The ED notice and the EGM have put Byju’s in a precarious position, as it faces legal, financial, and reputational risks. The company, which has raised over $2 billion from investors, and has acquired several other edtech firms, such as Aakash, Great Learning, and Toppr, may face difficulties in raising more funds, expanding its business, and retaining its customers and employees. The company may also lose its competitive edge in the edtech market, which is expected to grow to $10.4 billion by 2025, according to a report by RedSeer and Omidyar Network India.
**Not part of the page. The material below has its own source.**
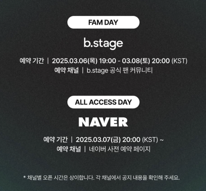 🔸팬클럽 회원 선예약: 2025. 3. 6.(목) 오후 7시 ~ 3. 8.(토) 오후 8시

The ED notice and the EGM may also have a ripple effect on the edtech sector in India, which has seen a surge in demand and investment due to the Covid-19 pandemic. The sector, which has over 4,500 startups, and has attracted over $4 billion in funding in 2021, may face increased scrutiny and regulation from the authorities and the stakeholders. The sector may also face challenges in maintaining the trust and confidence of the customers and the employees, who may be wary of the quality and credibility of the online education offerings.

The ED notice and the EGM are thus a wake-up call for Byju’s and the edtech sector in India, as they highlight the need for transparency, accountability, and governance in the fast-growing and dynamic industry. The outcome of the ED notice and the EGM will determine the fate of Byju’s and its founder, and may also shape the future of the edtech sector in India.